This exercise calls for the whole listing to be given again exactly, without images.

## Data excerpt
- - - - -

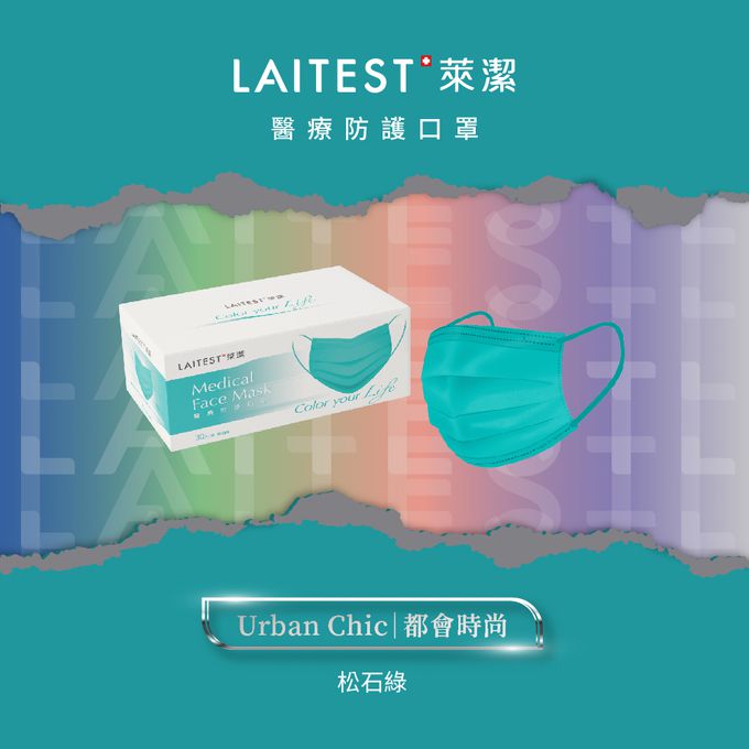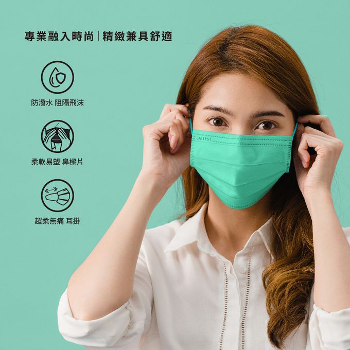品名:醫療防護口罩/成人 松石綠 30入盒裝(都會時尚系列)
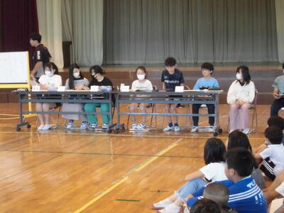 計画委員会が話合いの司会や議事進行を行いました。3年生,4年生にとっては,委員会で活躍する5,6年生の姿を見ることも,とても良い学びです。
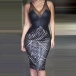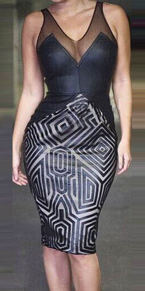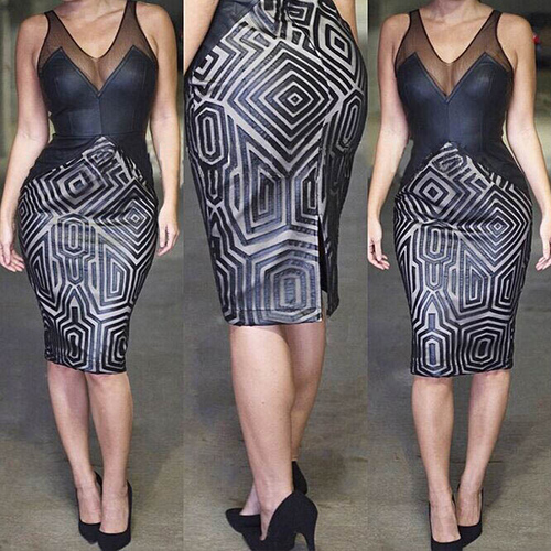 It features deep v-neck and see-through gauze spliced design. Your sexy flavor and seductive curve will shine in this dress.

- - - - -

## Response box
品名:醫療防護口罩/成人 松石綠 30入盒裝(都會時尚系列)
 計画委員会が話合いの司会や議事進行を行いました。3年生,4年生にとっては,委員会で活躍する5,6年生の姿を見ることも,とても良い学びです。
 It features deep v-neck and see-through gauze spliced design. Your sexy flavor and seductive curve will shine in this dress.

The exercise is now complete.